As to why he didn’t drink water, an inebriated W.C. Fields purportedly responded, “Fish fuck in it.”
Miscellany
“I am the emperor, and I want dumplings,” said Emperor Ferdinand I of Austria. His only lucid remark, the historian A. J. P. Taylor thought.
Breaking the necks of pigeons in the Luxembourg Gardens while the gendarme went for a glass of wine was supposedly how Ernest Hemingway on occasion fed his family in Paris in the 1920s. He hid the bodies in his son Bumby’s stroller.
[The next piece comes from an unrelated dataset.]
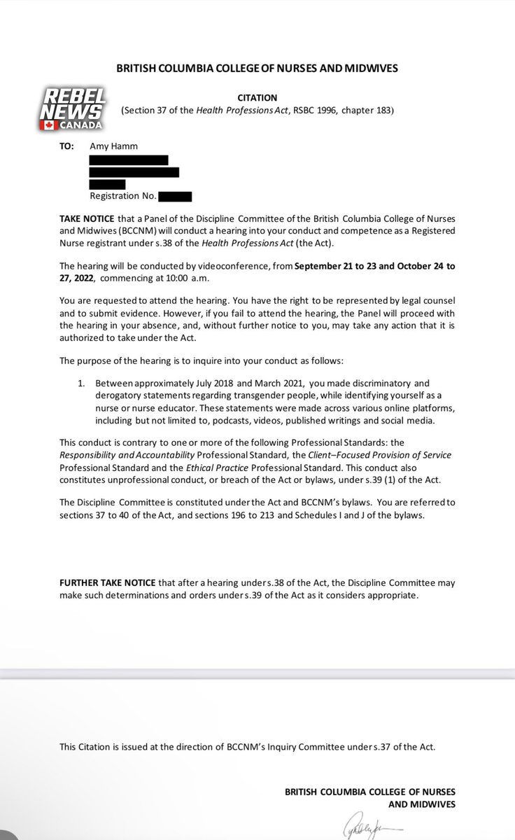 34) It’s important to note that after the initial anonymous complaint was made against Hamm for her off duty role in a “I❤️ JK Rowling” billboard msg in Vancouver, the BCCNM originally charged her with charge of spreading “medically inaccurate information” rebelnews.com/i_heart_jk_row…

Sometimes when he went without, the novelist studied the paintings by Paul Cézanne, which “looked more beautiful if you were belly empty, hollow hungry.”
Between 1959 and 1962 in China, Mao Zedong’s Great Leap Forward increased industrial growth at the expense of agricultural output. More than 45 million people perished from famine and disease, as well as from floods, droughts, and locusts.
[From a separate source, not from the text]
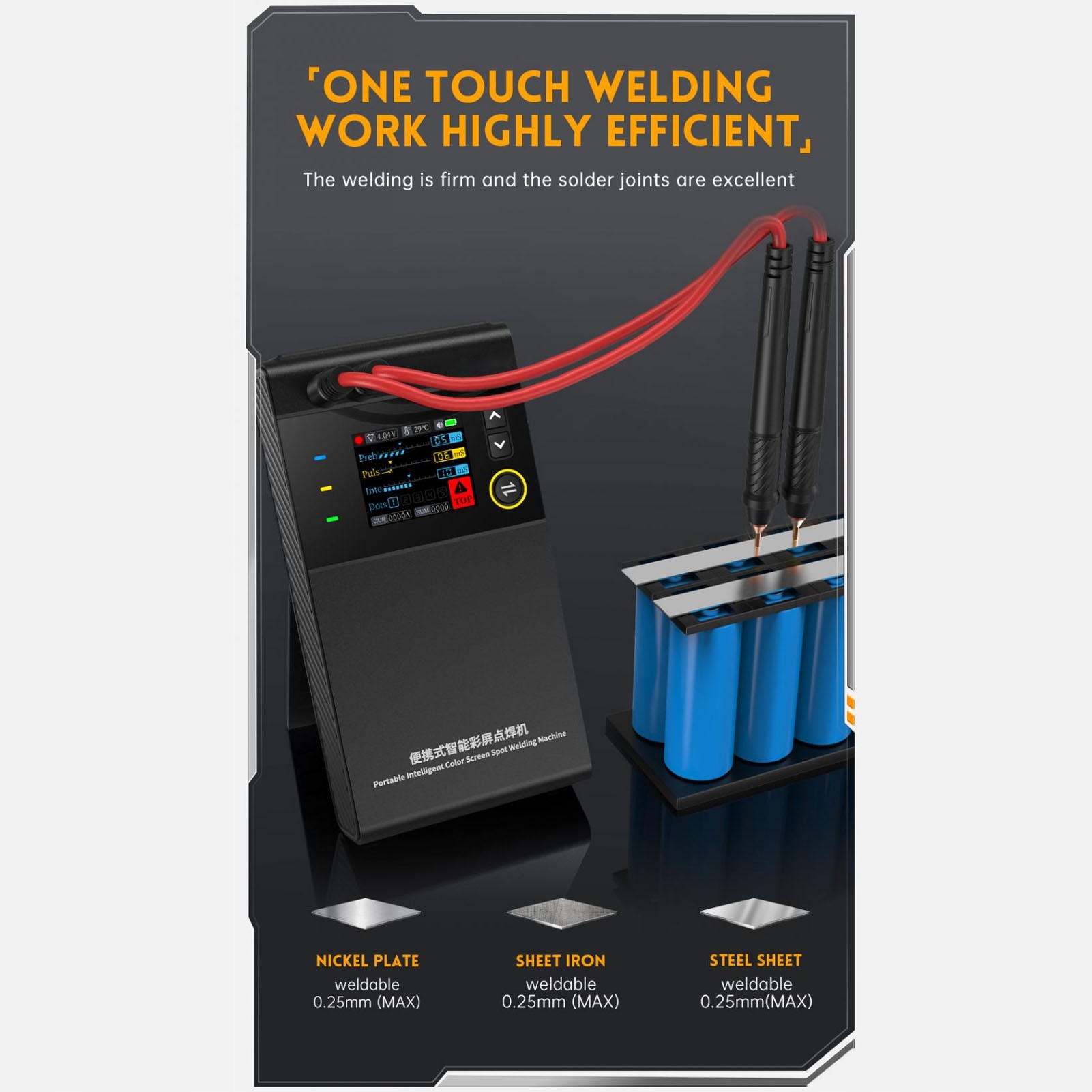 1. Сварная толщина от 0,1 до 0,25 мм, максимальный сварки тока 1200A, 4 регулировки передачи.

“Hunger is the best sauce in the world,” wrote Miguel de Cervantes in Part II, Chapter V, of Don Quixote, published in 1615.
“As if I swallowed a baby,” said William Makepeace Thackeray about eating his first oyster.
Charles Lindbergh bought five sandwiches for his flight across the Atlantic in 1927, saying, “If I get to Paris, I won’t need any more, and if I don’t get to Paris, I won’t need any more either.” It took him thirty-three and a half hours. Amelia Earhart in 1932 flew across the Atlantic in fourteen hours and fifty-six minutes, during which she drank chicken soup from a thermos, and a can of tomato juice—opened with an ice pick.
About his habit of masturbating in public, Diogenes the Cynic said, “I only wish I could be rid of hunger by rubbing my belly.”
Thirty to sixty million—the estimate of buffalo in the United States in the early 1800s. 1,200—the estimate some ninety years later.
“I’m not leaving, and by the way I’m hungry,” President George W. Bush said on September 13, 2001, when he was told there was a credible threat to the White House. He ordered a cheeseburger.
Cornbread, hot biscuits, wheat bread, and fried chicken were among the foods that Mark Twain said couldn’t be cooked north of the Mason-Dixon line.
Dr. John Harvey Kellogg’s digestive “milk cure” involved drinking a half pint of milk every half hour for twelve hours, supplemented by bran and paraffin four times a day, fruit twice a day, and two enemas a day.
Paul Newman’s character amazingly eats fifty hard-boiled eggs in one hour in Cool Hand Luke. 141 hard-boiled eggs eaten in eight minutes is the actual world record, held by Joey Chestnut.